Mechanical energy is obtained as the buoy moves against a self-contained “sea anchor”. Inside the water tight compartment, this mechanical stroke motion is converted into hydraulic pressure, which in turn drives a generator. Special electronic controls deal with the randomness of the input wavepower.

The technology is inherently modular. The initial 20 kW module (buoy) is a cylinder 20 m. long and 5 m. diameter, which rides at the surface, mostly submerged, and anchored to the ocean floor in 100 feet of water.

The company holds 12 patents, and 8 more are pending, but has maintained a very low profile. They have assembled a large body of knowledge and expertise on wave behavior, marine engineering, and oceanographics, as well as obtaining exclusive rights to certain related technologies. One year of ocean trials have been successfully completed.
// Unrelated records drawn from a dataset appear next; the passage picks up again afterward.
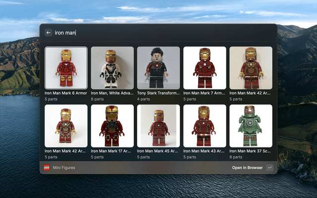 Look up LEGO sets, colors, bricks etc.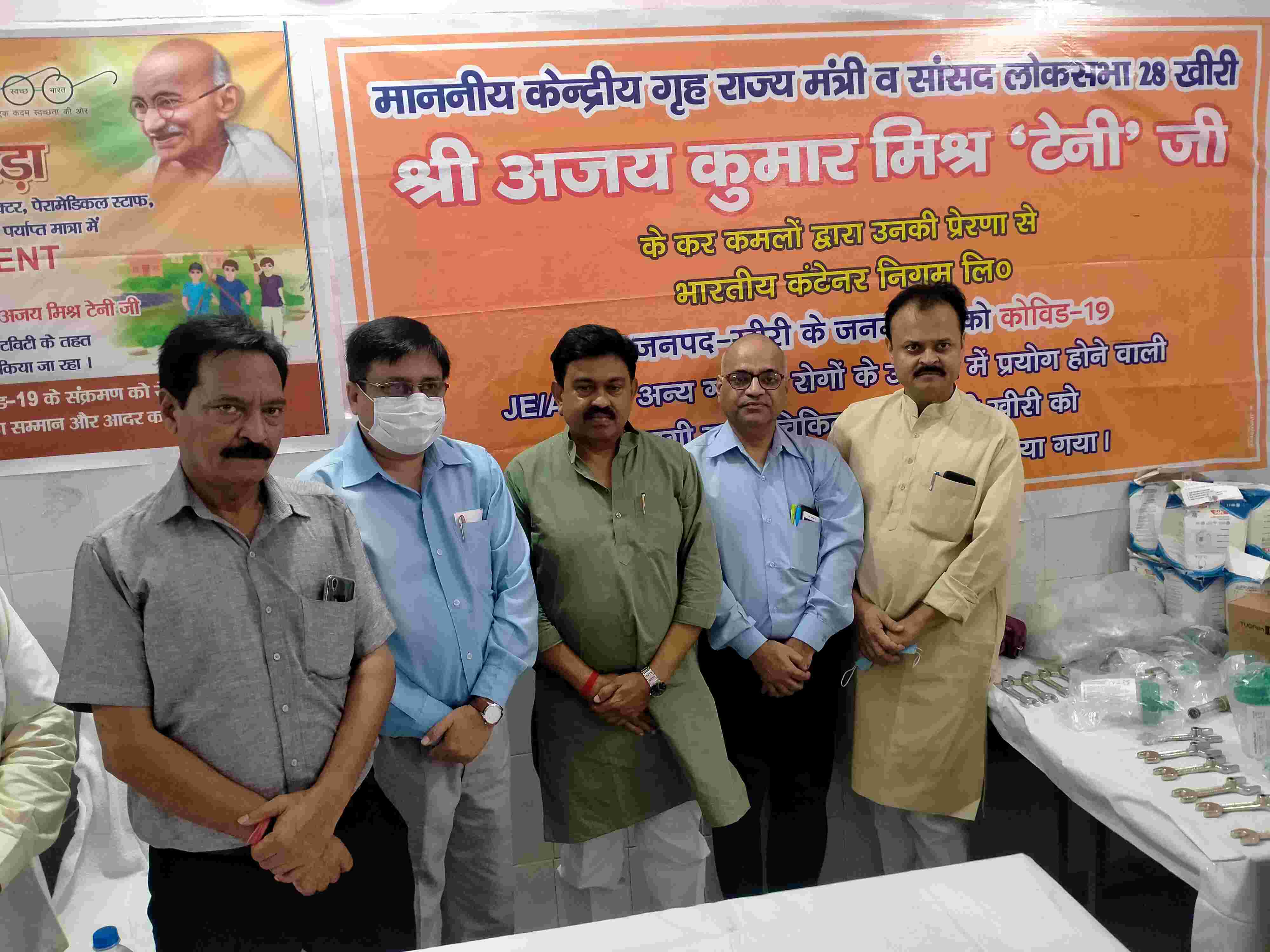 अपने निर्धारित कार्यक्रम के अनुसार केंद्रीय गृह राज्य मंत्री अजय मिश्र 'टेनी' सांसद प्रतिनिधि अरविंद सिंह 'संजय' और प्रतिनिधि अमरीश सिंह के साथ जिला अस्पताल पहुंचे। जहां उन्होंने कंटेनर निगम लिमिटेड कंपनी द्वारा स्वास्थ्य विभाग को भेंट किए गए 21 बाल विभाग संबंधित उपकरण को स्वास्थ्य विभाग के सुपुर्द किया। इन उपकरणों में वीआई सेट (500), लैरीजियो स्कोप (25), चाइल्ड ऑक्सीजन मास्क (400), नेबुलाइजर मास्क (42), इंडस्ट्रियल ट्यूब (135), लैरिजो स्कोप (10), अंबूबैग (40), नेजल कैनुला (200), कफ चाइल्ड बीपी मशीन (30), इन्फ्यूजन पंप (4), फ्लो मीटर (26) ऑक्सीजन सिलेंडर की चाबी (100), चाइल्ड बाईपैप मास्क (40), वेंटिलेटर कनेक्टर मास्क (20), वेंटीलेटर सर्किट (20) कैनुला नंबर 24,26 (500), सक्शन कैथेटर (30), कैथेटर (200), नॉनरी ब्रीदर ऑक्सीजन मास्क (200), एयरवे (50), रॉयल्स ट्यूब (50), शामिल हैं।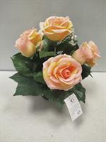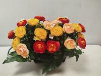 Potée de roses artificielles dans les tons orangés et jaunes.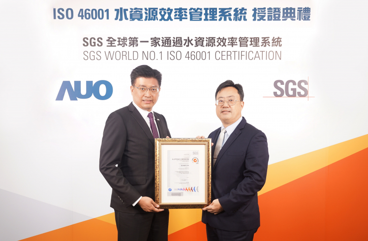 VR彩票取得全臺第一張 ISO 46001 水資源效率管理系統驗證,透過嚴謹且精進的管理系統,具體展現永續(xù)承諾 (左:VR彩票製造營運群副總經理林挺立,右:SGS 臺灣檢驗科技總裁邱志宏) ? ?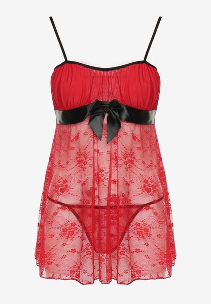 Czerwona Koronkowa Koszula Nocna z Wbudowanym Biustonoszem i Stringami Perunia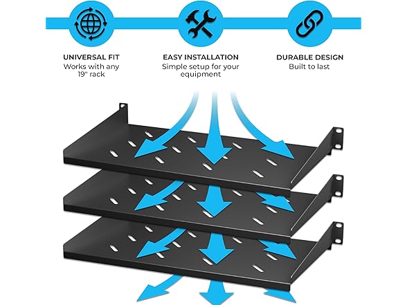 - QUALITY: Our rack shelf 1U is sturdy, firm, and holds heavy equipement with ease. It has been designed to prevent sagginess when installed per instructions, and comes with ALL the necessary hardware for a hassle free installation, along with an easy to follow user manual.
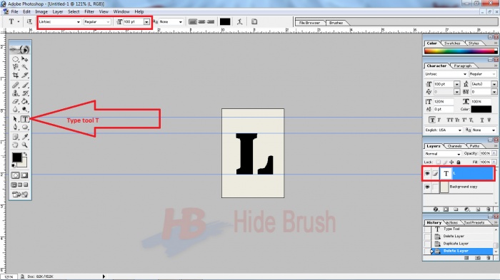 এবাপ আপনার rectangle এর উপর L অক্ষরাট লিখুন অথবা (যেকোন অক্ষর যা আপনার প্রয়োজন) অক্ষরটি অবশ্যেই rectangle এর মাঝে লিখবেন। L অক্ষরটি লেখার জন্য Type tool (T) অথবা keyboard থেকে T চাপুন। Lintsec font টি Select করুন না থাকলে এখান থেকে Download করে নিন। এখন font সেট করে নিন style regular এবং size 100 pt. এ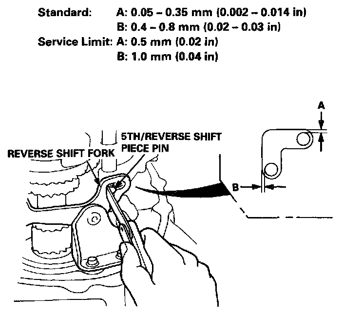 1. Measure the clearances between the reverse shift fork and 5th/reverse shift piece pin.

(UFTO has been in touch with them since early 1995, and followed their progress closely until such time as it appeared appropriate to report. This summary provides the first real look at what OPT is up to.)

Recently, a large European company did extensive due diligence, and reported that OPT is far ahead of other wave energy programs (mostly in the UK and Scandinavia). Negotiations are underway to possibly form a separate joint venture company for Europe. An Australian utility has placed an order for the first system. The US Dept of Defense (particularly the Navy) is supporting projects for self-powering buoy-based systems, for remote power supply for naval bases, and for desalination. The company probably could bootstrap itself with these program revenues, however in the interest of moving faster they are privately raising an investment round of $10 M.

Estimates are that smaller systems (~500 kW) will deliver power at 7-10 cents/kWh, while larger (grid connected) systems > 10 MW will do it at 3 – 4 cents. (Capital cost of $2700/kW) Installations of 100 MW would occupy about 1/5 of a square mile, out of sight from shore. Installation and commissioning would be quick. Duty cycles should be 80-90%, and highly predictable. Sites are abundant all over the world. Systems would even provide additional environmental benefits of reducing beach erosion and supplying fish habitats.

The company is very interested in participating with a major utility in the first installations.